Would you print the records below from the first line through the line containing "南京云升環(huán)保設備", skipping the pictures?

Start of Block

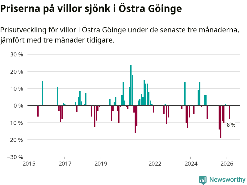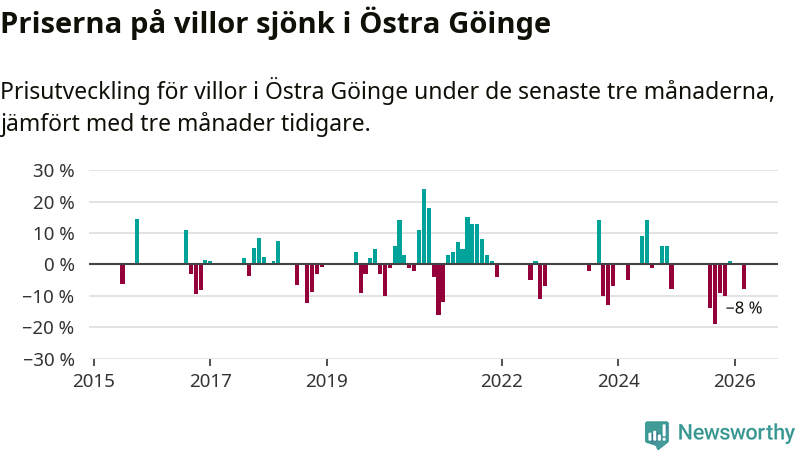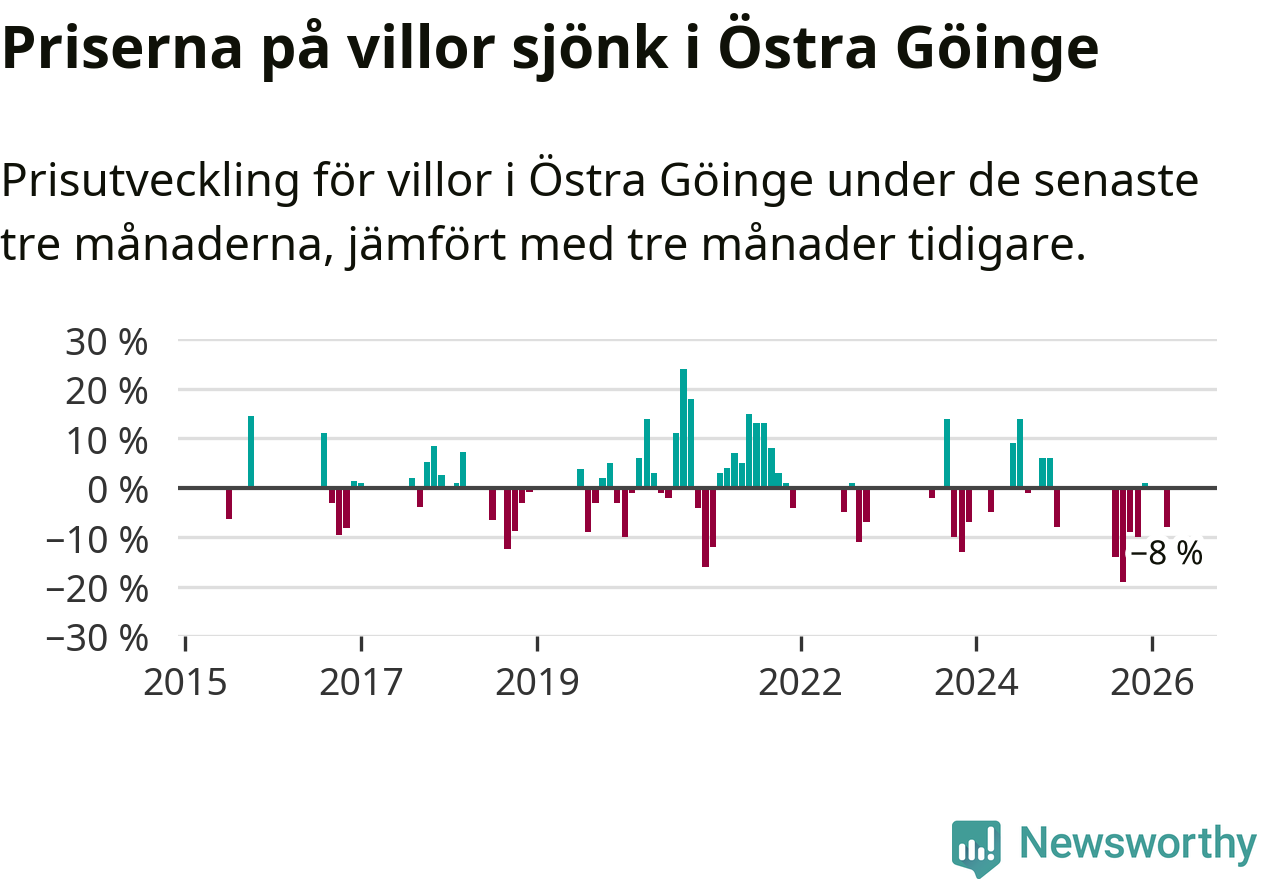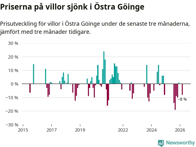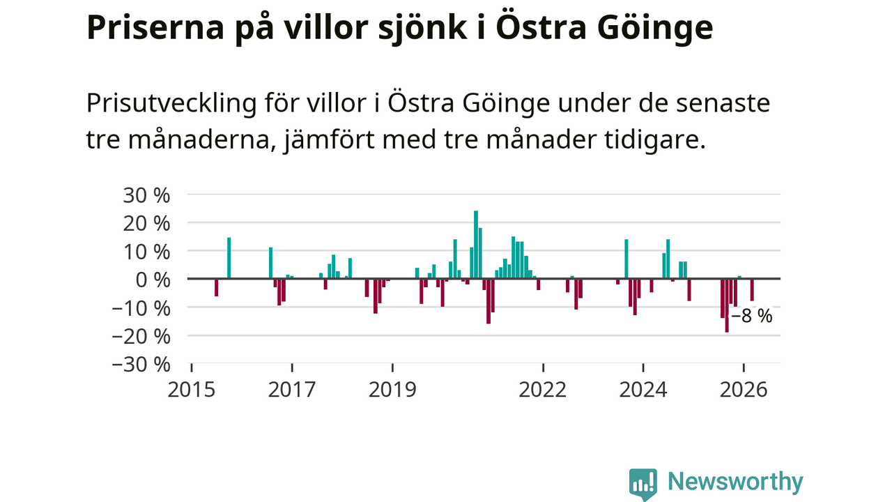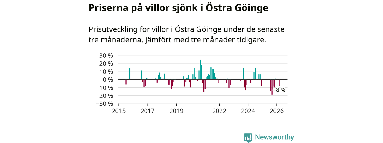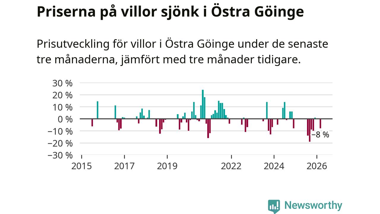 Statistiken visar även på en stor prisnedgång i Östra Göinge kommun. Medelpriset på försäljningarna av villor i kommunen var 8 procent lägre än för tre månader sedan. I hela Skåne däremot ligger villapriserna stilla.
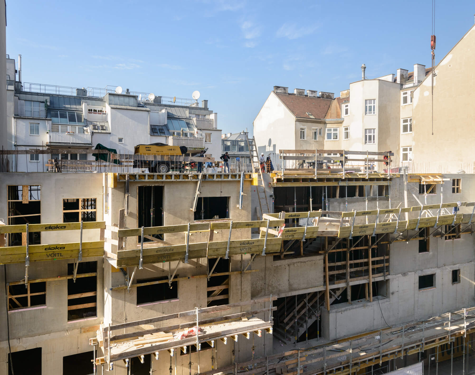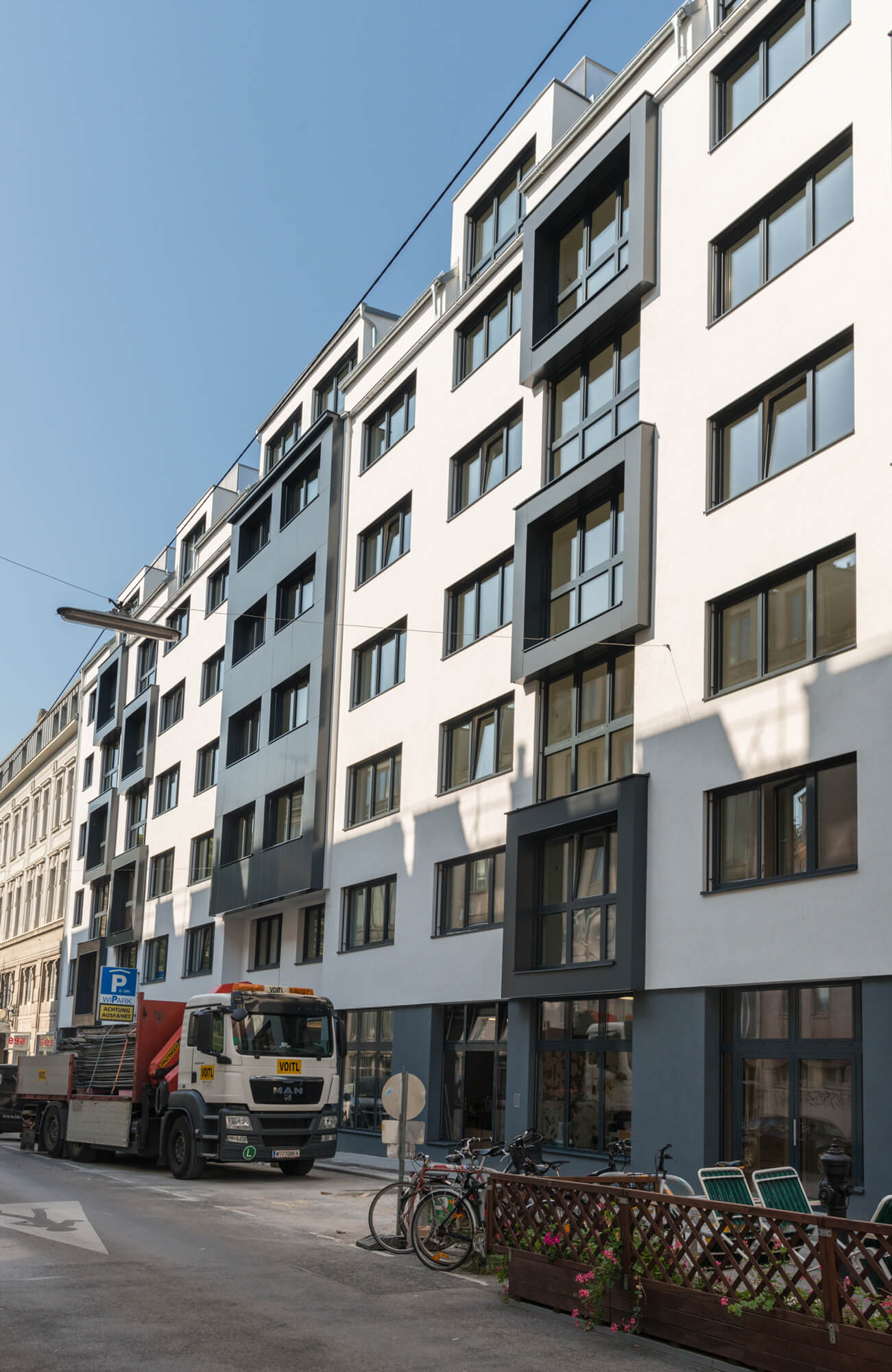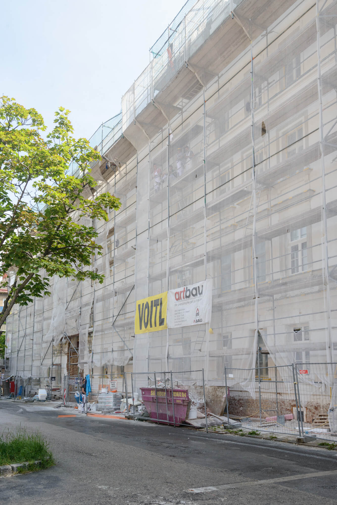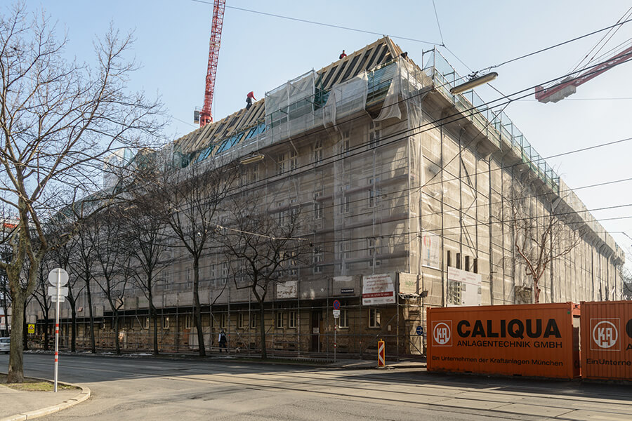 Die Arbeiten umfassen die Sanierung der denkmalgeschützten Straßenfassade, den Abbruch des gesamten Daches, den Abbruch des gesamten Hoftraktes bis zur Mittelmauer und das Vorziehen der Stiegenhäuser bzw. Geschoße auf die innere Baufluchtlinie. Zur Erhaltung der Bestandsbausubstanz wird das Mauerwerk trockengelegt.
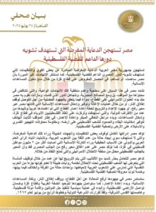 وفي ختام البيان، أكدت مصر أنها ستواصل جهودها على كافة المستويات من أجل:
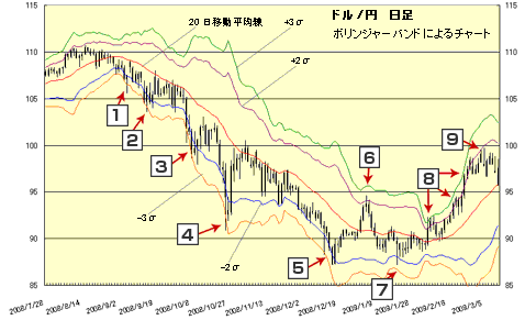 昨年12月の安値から、ドルは急速に切り返し、1月6日には94.63円まで上昇し、20日線はもちろん、「+2σ」のバンドを超え、「+3σ」のバンドを打診しようとした(数字6)、これは昨年8月以来のことであっただけに、基調変化の可能性を強く示唆していた。
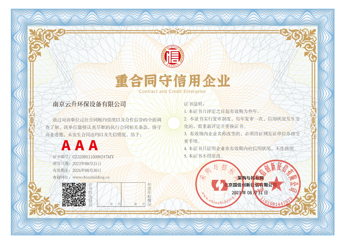 南京云升環(huán)保設備有限公司全體員工愿以環(huán)境保護為己任,以市場為導向,以優(yōu)質服務為原則,嚴格的管理、先進的生產(chǎn)工藝、至上的品質、完善的售前售后服務,與廣大新老用戶攜手并進,共鑄輝煌。公司已通過ISO9001:2000質量管理體系標準認證,成為江蘇省高新企業(yè),并進行不斷的技術改進和創(chuàng)新,為客戶和合作伙伴提供滿意的產(chǎn)品。
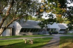 Opened on April 26, 2017, the R.W. Kern Center is the 17th Living Building in the world certified under the advanced green-building standard, the Living Building Challenge. The building cost $10.4 million made possible by private donations. It operates net-zero energy, water, and waste. The building is powered by solar panels on its roof, supplies its own drinking water by harvesting rainwater from its roof, manages its wastewater on site, and contains composting toilets. The Kern Center was built using materials from local sources without the use of any toxic "red list" materials; even materials such as duct tape were chosen carefully to comply with strict environmental standards.[54] Currently, the Kern Center houses Admissions and financial aid offices as well as classrooms, student lounges, and a coffee shop. President Jonathan Lash stated that "[w]ith this building we have sought to reflect our values, in the inclusive design process, the design and materials, our construction practices, and our reporting about the building... [w]hy are buildings constructed any other way? In every way, the Kern Center was built to learn and teach."[55][56]
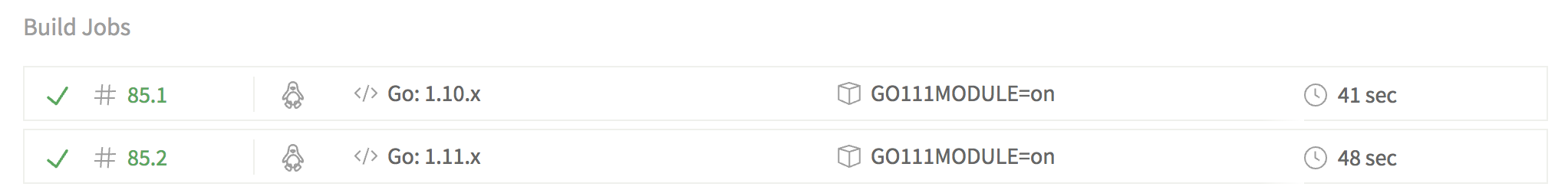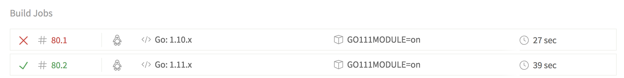 We have now a CI system that tests our Go package against two different Go versions. This will help us to make sure our code still works for older versions of Go and newer versions that use Go modules.
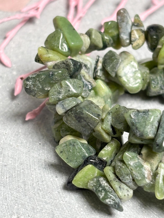 Serpentin Splitterarmband elastisches Edelstein Armband ca. 17,5 cm, grüner Naturstein Schmuck, Kristall Armband 8 mm
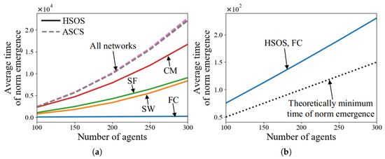 Average time of norm emergence of HSOS and ASCS with various numbers of agents (a,b).
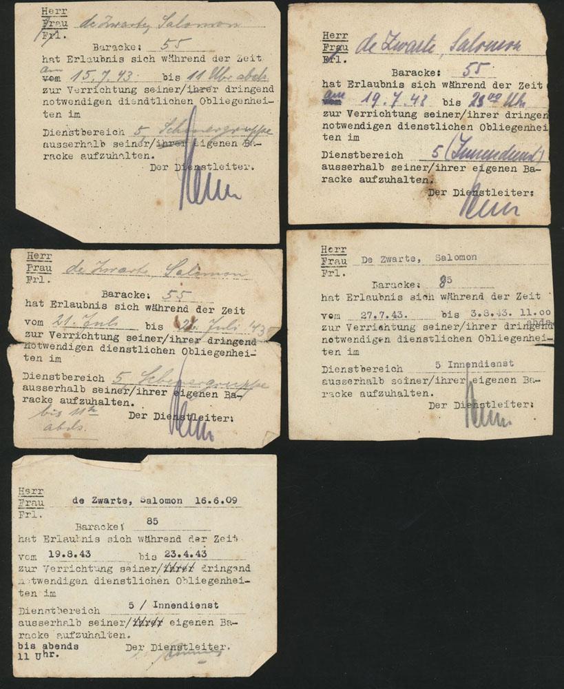 Vergunningen (5) op naam van Salomon de Zwarte, om zich wegens werkzaamheden buiten zijn barak te begeven, kamp Westerbork, juli-augustus 1943
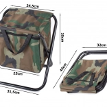 A lightweight, portable folding stool with a camouflage pattern, ideal for fishing, camping, the beach, and the garden. It offers comfortable, stable seating, a durable metal frame, and a practical zippered bag under the seat for storing your gear. Thanks to its compact folded dimensions, you can easily slip it into a backpack or carry it by the handles.
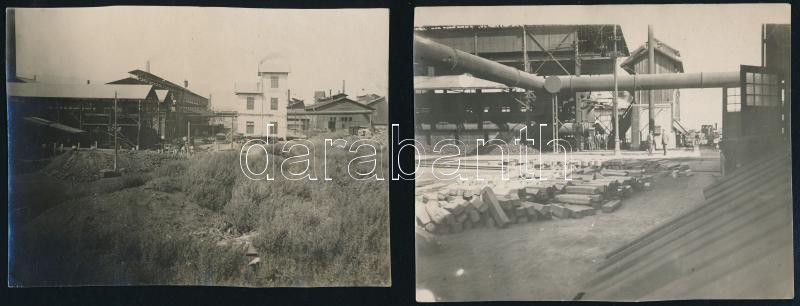 cca 1920-30 Diósgyőr (Miskolc) vasgyár, felvételek az üzemről, ipari vasúti vágányokról és vagonról, munkásokról, csarnokokról. 5 db vintage fotó, 8x9 és 8x11 cm közötti méretekben.
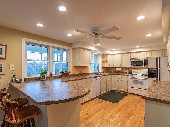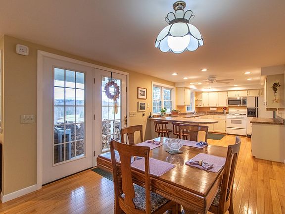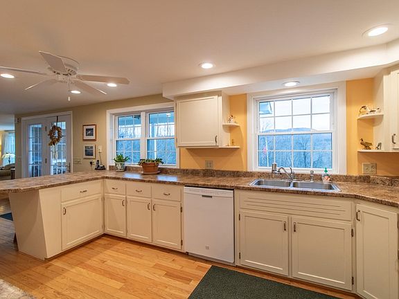 Take a look at this beautifully maintained ranch home on 5.3 acres. This home was extensively renovated down to the studs since 2009 including insulation, siding, moving walls, new wiring, lighting, drywall, flooring, etc. Gorgeous hardwood floors connect the living and dining rooms to the eat-in kitchen, with an abundance of natural light flowing through the large picture window and french doors opening to the front covered porch. The fireplace in the living room has a newer wood stove insert that will be sure to keep you toasty all winter long. Completing the main floor is a full bath with double sinks, primary bedroom and two additional bedrooms along with a half bath. Downstairs is a large family room with closeted storage, bonus room and 3/4 bath, along with laundry and utilities in the unfinished area. Direct entry via the 2-car heated garage. There is also a newer shed for your outdoor tools. The lot is nicely landscaped and surrounded by VT maples. Just a short drive to I-91, with all the benefits of country living. You don't want to miss this one!

End of Block

### Reply
 Statistiken visar även på en stor prisnedgång i Östra Göinge kommun. Medelpriset på försäljningarna av villor i kommunen var 8 procent lägre än för tre månader sedan. I hela Skåne däremot ligger villapriserna stilla.
 Die Arbeiten umfassen die Sanierung der denkmalgeschützten Straßenfassade, den Abbruch des gesamten Daches, den Abbruch des gesamten Hoftraktes bis zur Mittelmauer und das Vorziehen der Stiegenhäuser bzw. Geschoße auf die innere Baufluchtlinie. Zur Erhaltung der Bestandsbausubstanz wird das Mauerwerk trockengelegt.
 وفي ختام البيان، أكدت مصر أنها ستواصل جهودها على كافة المستويات من أجل:
 昨年12月の安値から、ドルは急速に切り返し、1月6日には94.63円まで上昇し、20日線はもちろん、「+2σ」のバンドを超え、「+3σ」のバンドを打診しようとした(数字6)、これは昨年8月以来のことであっただけに、基調変化の可能性を強く示唆していた。
 南京云升環(huán)保設備有限公司全體員工愿以環(huán)境保護為己任,以市場為導向,以優(yōu)質服務為原則,嚴格的管理、先進的生產(chǎn)工藝、至上的品質、完善的售前售后服務,與廣大新老用戶攜手并進,共鑄輝煌。公司已通過ISO9001:2000質量管理體系標準認證,成為江蘇省高新企業(yè),并進行不斷的技術改進和創(chuàng)新,為客戶和合作伙伴提供滿意的產(chǎn)品。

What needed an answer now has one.